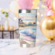 This dreamy coastal artwork captures a tranquil moment at the shoreline, where a woman strolls barefoot with her dog, the soft pastel tones of the setting sun casting a warm glow on the sand and sea. A charming beach house sits nestled among windswept grasses, its porch inviting and timeless, while a stately lighthouse watches over the horizon. Gentle waves roll in with watercolor softness, and hints of blush pink, misty blue, and sun-kissed gold give the scene an ethereal, nostalgic quality. The entire composition evokes slow living, serenity, and the quiet magic of coastal escapes. With a relaxed, coastal cottagecore vibe and a soft, painterly style, this piece blends warmth and whimsy in perfect harmony. AI generated artwork.
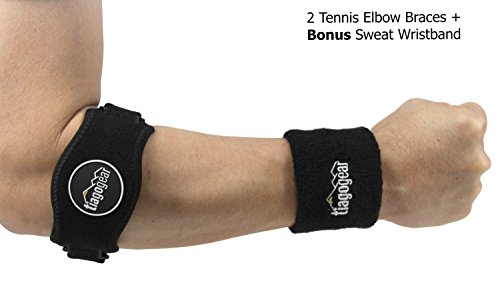 INCLUDES TWO ELBOW BRACES + AN AWESOME *BONUS* GIFT: You get NOT ONE but TWO high quality elbow braces. Wear them on the left or right forearm / have a backup all the time. PLUS, get a BONUS high quality black sweat wristband!
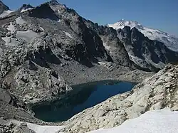 Vue sur le lac glaciaire de Triad Lake dans les North Cascades avec, à l'arrière-plan à droite, le pic Glacier.
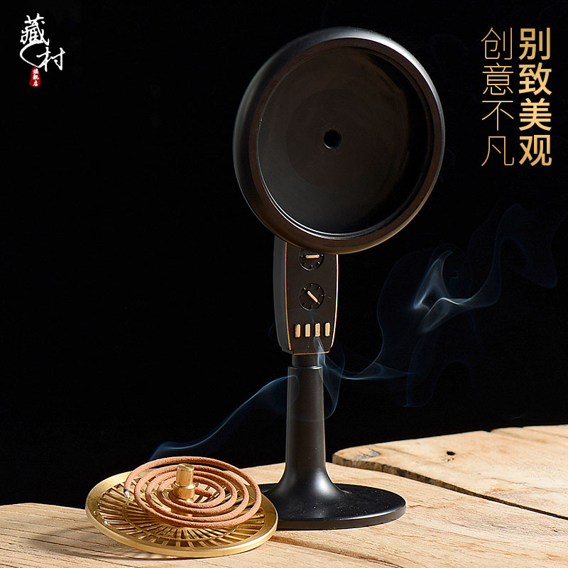 藏村 盘香炉创意风扇全铜香沉香檀香熏香炉盘香家用室内熏香摆件
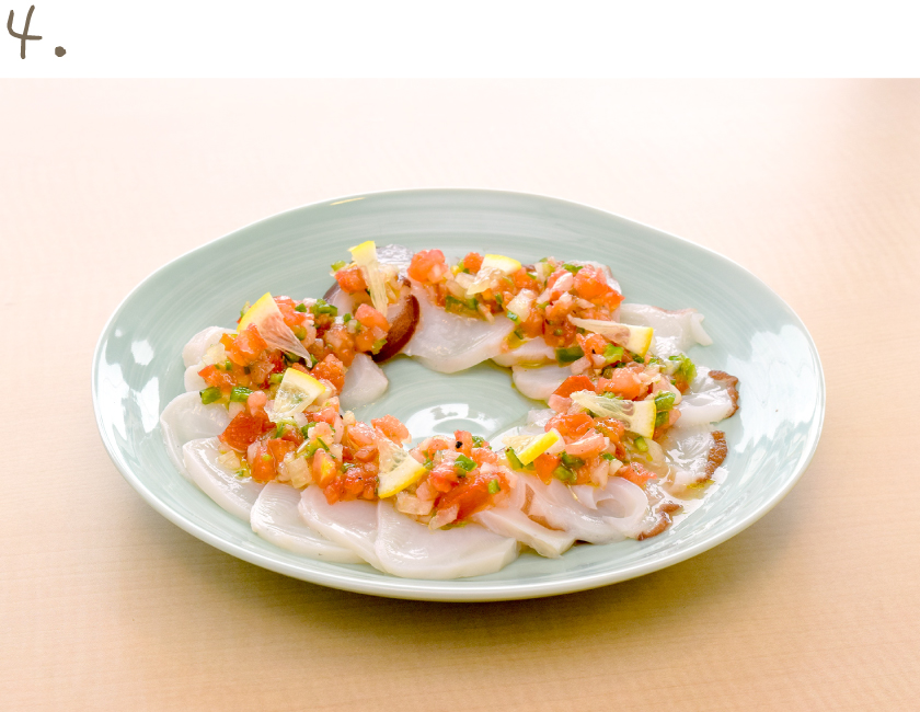 アレンジ①お刺身にオリーブオイルとレモンをかけて、タコのカルパッチョに。

::::

Aim of the exercise
Give all the entries again exactly, dropping each picture.

Output of the exercise
 This dreamy coastal artwork captures a tranquil moment at the shoreline, where a woman strolls barefoot with her dog, the soft pastel tones of the setting sun casting a warm glow on the sand and sea. A charming beach house sits nestled among windswept grasses, its porch inviting and timeless, while a stately lighthouse watches over the horizon. Gentle waves roll in with watercolor softness, and hints of blush pink, misty blue, and sun-kissed gold give the scene an ethereal, nostalgic quality. The entire composition evokes slow living, serenity, and the quiet magic of coastal escapes. With a relaxed, coastal cottagecore vibe and a soft, painterly style, this piece blends warmth and whimsy in perfect harmony. AI generated artwork.
 INCLUDES TWO ELBOW BRACES + AN AWESOME *BONUS* GIFT: You get NOT ONE but TWO high quality elbow braces. Wear them on the left or right forearm / have a backup all the time. PLUS, get a BONUS high quality black sweat wristband!
 Vue sur le lac glaciaire de Triad Lake dans les North Cascades avec, à l'arrière-plan à droite, le pic Glacier.
 藏村 盘香炉创意风扇全铜香沉香檀香熏香炉盘香家用室内熏香摆件
 アレンジ①お刺身にオリーブオイルとレモンをかけて、タコのカルパッチョに。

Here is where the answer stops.